First, If you define an Array in C, say int r[n] in your case, the r is actually a const pointer in most of the context implicitly converted into a const pointer of first element. Although pointer and array is different pointer arithmetic and array indexing [that] are equivalent in C. The operator * get the value at pointer. So *r is equivalent to r[0] in this case. So you must return r not *r if you want to get the full array not the first element.

C compiler shows the warning because it checks that type of left hand side (int pointer) is not equal to type of right hand side (int).

int *o;
o = randn(n,l);

Second, a local variable exists in the memory as long as it is in the scope. C uses Lexical Scoping (Static Scoping). As as soon as you are out of the function after return the memory of r will be freed. In C you will get Segmentation fault generally when you try to access a memory location not reserved by the Program.

So you need to allocate memory by using malloc. return type of malloc is (void *). So cast it into (int *).

int *r = (int *) malloc(n * sizeof(int));

malloc will not assign memory if it get no free memory at all. So its a good practice to check whether r is not NULL.

Change the return type of the function into (int *) from int. Remember C compiler only does this type checking by function declaration. It is not dependent on the actual returned value.

Memory allocated by malloc should be freed once the use is over by free(p) to avoid memory leak.

Answer 2

In C language it is not possible to return an array from a function. The proper way to go about it in C is to actually pass the recipient array from the calling code and then simply fill it inside the function

void randn(int n, int r[n], int l) 
{
    for (int i = 0; i < n; ++i) 
    {
        r[i] = rand() % l;
        ++r[i];
    }
}

...
int o[n];
randn(n, o, l);

The approach with malloc-ing the array inside the function, while formally correct, is seriously flawed since it forces the code to work with dynamic memory. In many/most cases there's simply no reason to involve dynamic memory.

With this approach you have full freedom to put your array in any kind of memory you see fit, since the responsibility of providing that memory is imposed on the calling code.

Answer 3

That's not the correct way to a pointer from a function. Also r is local variable whose lifetime is limited to the function.
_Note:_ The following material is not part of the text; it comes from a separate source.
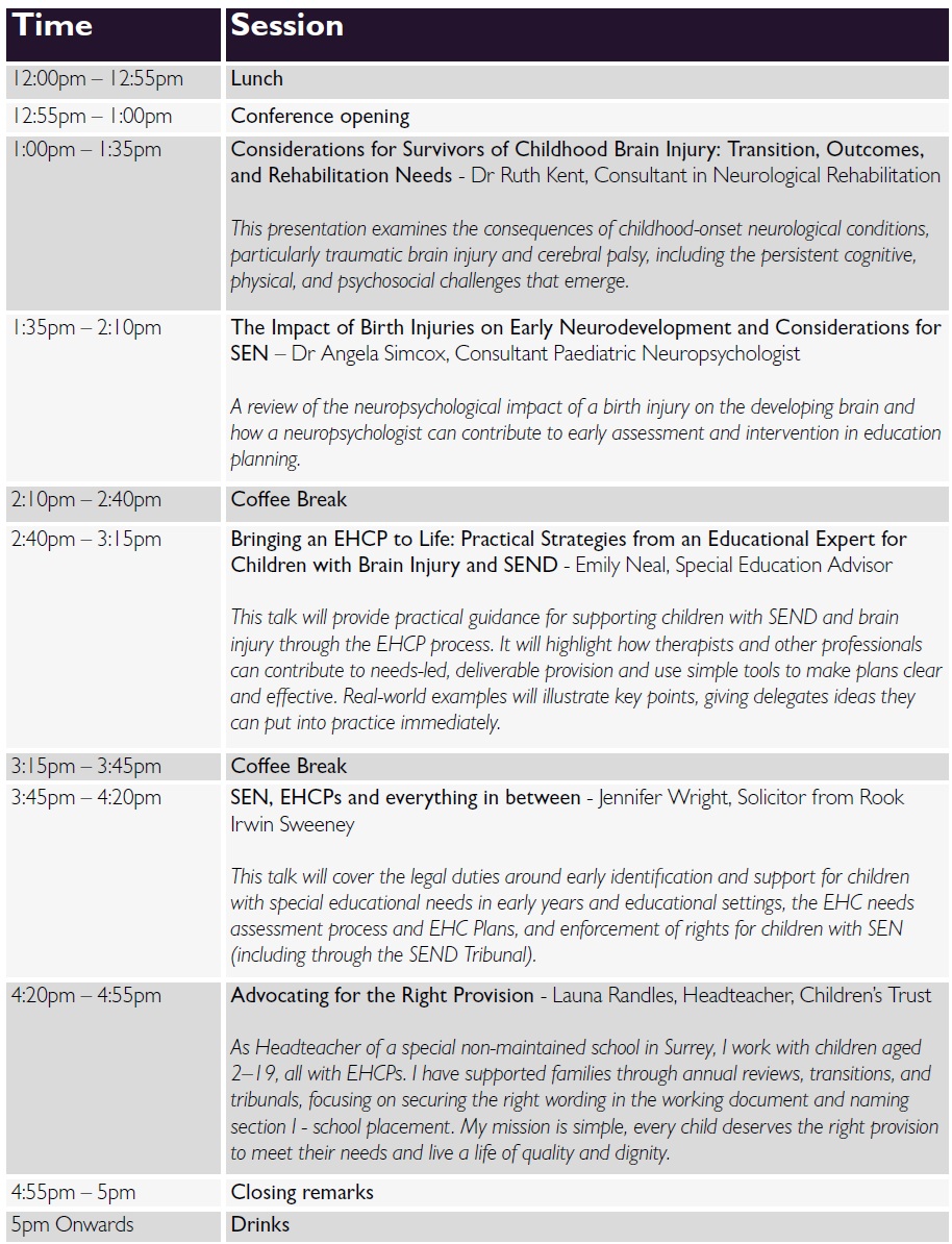 This conference is designed for parents, carers and healthcare professionals who support children during the critical early years of development. Attendees will gain valuable guidance on navigating the SEN system and securing appropriate EHCPs, with a focus on ensuring the best possible outcomes for children affected by birth-related brain injuries.
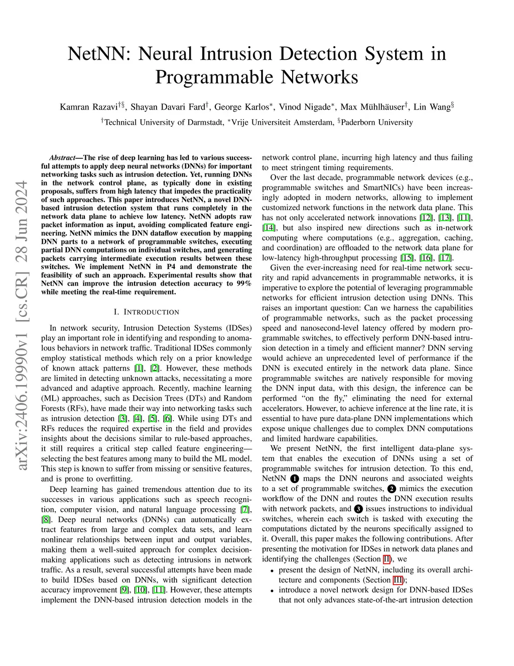 NetNN: Neural Intrusion Detection System in Programmable Networks

Allocate memory using malloc and return it instead:

int* randn(int n, int l){
    int *r=malloc(n * sizeof *r);
    if(!r) { */ error */}
    int i;
    for ( i=0; i<n; i++){
        r[i]=rand() % l;
        r[i]++;
        }
    return r;
}

Notice that I changed the signature as well to return a pointer (int*). Caller is responsible for free()ing the memory.

Answer 4

1. What you return is actually the r[0] value.
2. Your r array disappears as soon as your function returns, and the pointer becomes invalid.